__TASK__:
Restate the records that follow word for word; no pictures should appear.

__Data items__:
• • • • •

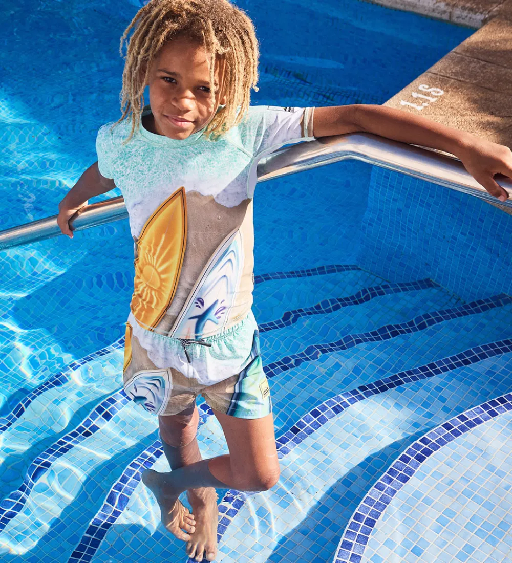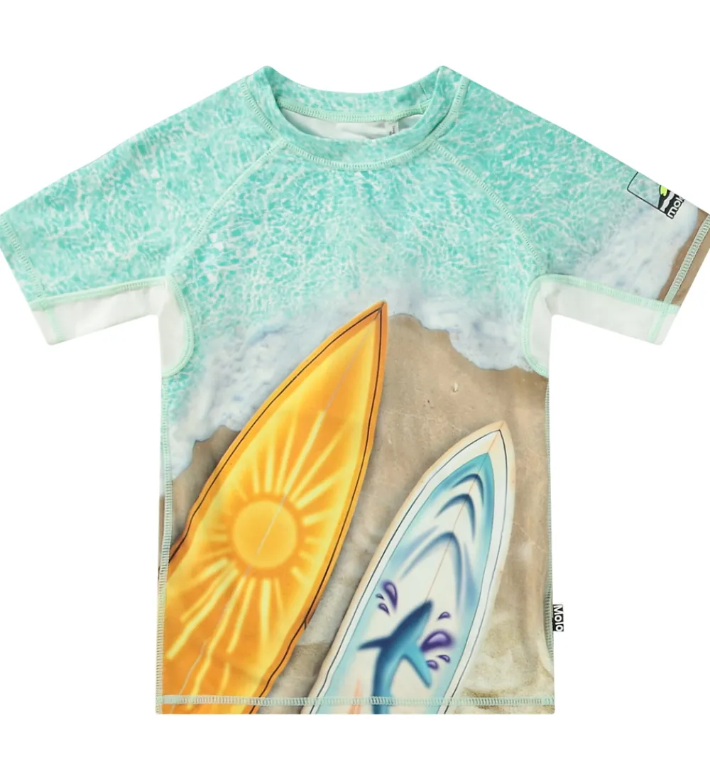 Flot Molo badebluse i sandfarvet og turkis med print af en strand og farverige surfboards. Badeblusen har en rund halsudskæring og korte ærmer.
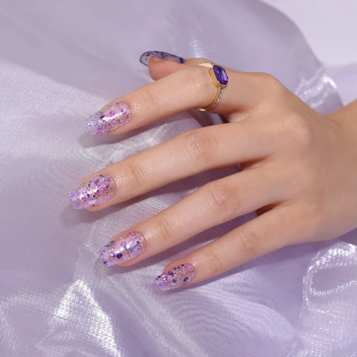 A mesmerizing purple glitter that mirrors the beauty of twilight skies.
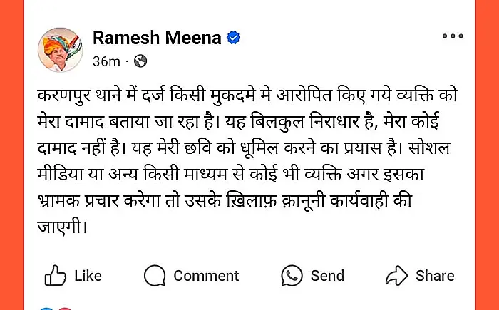 रमेश मीणा ने सोशल मीडिया पर यह भी चेतावनी दी कि जो भी लोग उनके खिलाफ भ्रामक प्रचार कर रहे हैं, उनके खिलाफ कानूनी कार्रवाई की जाएगी। उन्होंने लोगों से अपील की कि वे तथ्यों को सही तरीके से समझें और किसी भी तरह के झूठे आरोपों में ना आएं।
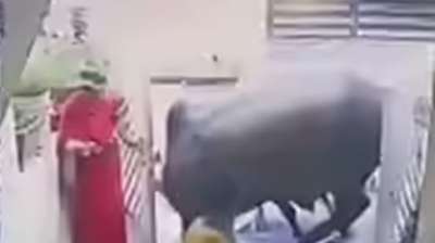 बेकाबू सांड़ों की कुश्ती से मचा हड़कंप, घर का गेट तोड़ा, महिलाएं आईं चपेट में
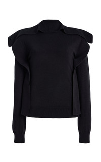 Furthering the heritage of iconic Belgian fashion, Brussels-born designer Marie Adam-Leenaerdt's eponymous label's mission is to "question conventions, giving strength to the garments and surpass seasons, trends, and generations." Made from a compact-knit wool-blend, this sweater features a square body that creates an elegant ruffle around the bodice. PRODUCT DETAILS - Resort '26 - Slip on - Composition: 50% wool, 50% acrylic - Dry clean - Made in Italy
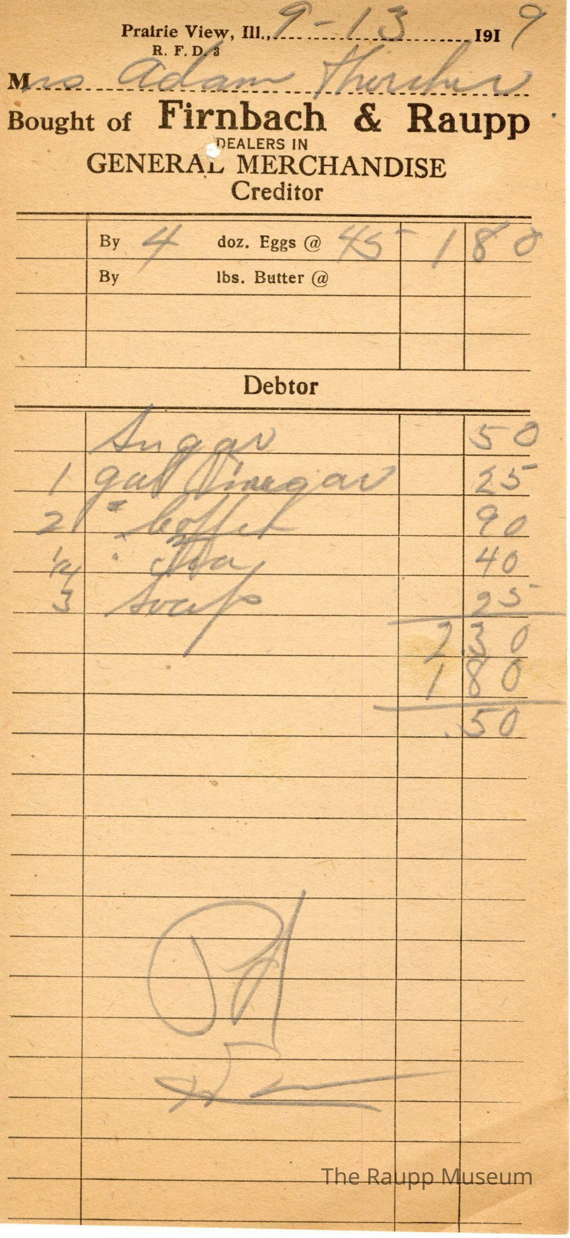 One (1) Firnbach and Raupp store receipt from September 13, 1919. Receipt is rectangular with black printed text and written notes in pencil. The receipt is for Mrs. Adam Thorcher, who bought sugar for $0.50, one gallon of vinegar for $0.25, two pounds of coffee for $0.90, one-fourth pounds of tea for $0.40, and three soaps for $0.25. The customer also traded in four dozens of eggs at $0.45 per dozen. Bill total is $0.50. The bill is marked as paid. The black text is as follows, from top to bottom: Buffalo Grove, Ill.; M; Bought of Firnbach & Raupp; DEALERS IN GENERAL MERCHANDISE; Creditor; DebtorArchive Details

• • • • •

__EXPECTED OUTPUT__:
 Flot Molo badebluse i sandfarvet og turkis med print af en strand og farverige surfboards. Badeblusen har en rund halsudskæring og korte ærmer.
 A mesmerizing purple glitter that mirrors the beauty of twilight skies.
 रमेश मीणा ने सोशल मीडिया पर यह भी चेतावनी दी कि जो भी लोग उनके खिलाफ भ्रामक प्रचार कर रहे हैं, उनके खिलाफ कानूनी कार्रवाई की जाएगी। उन्होंने लोगों से अपील की कि वे तथ्यों को सही तरीके से समझें और किसी भी तरह के झूठे आरोपों में ना आएं।
 बेकाबू सांड़ों की कुश्ती से मचा हड़कंप, घर का गेट तोड़ा, महिलाएं आईं चपेट में
 Furthering the heritage of iconic Belgian fashion, Brussels-born designer Marie Adam-Leenaerdt's eponymous label's mission is to "question conventions, giving strength to the garments and surpass seasons, trends, and generations." Made from a compact-knit wool-blend, this sweater features a square body that creates an elegant ruffle around the bodice. PRODUCT DETAILS - Resort '26 - Slip on - Composition: 50% wool, 50% acrylic - Dry clean - Made in Italy
 One (1) Firnbach and Raupp store receipt from September 13, 1919. Receipt is rectangular with black printed text and written notes in pencil. The receipt is for Mrs. Adam Thorcher, who bought sugar for $0.50, one gallon of vinegar for $0.25, two pounds of coffee for $0.90, one-fourth pounds of tea for $0.40, and three soaps for $0.25. The customer also traded in four dozens of eggs at $0.45 per dozen. Bill total is $0.50. The bill is marked as paid. The black text is as follows, from top to bottom: Buffalo Grove, Ill.; M; Bought of Firnbach & Raupp; DEALERS IN GENERAL MERCHANDISE; Creditor; DebtorArchive Details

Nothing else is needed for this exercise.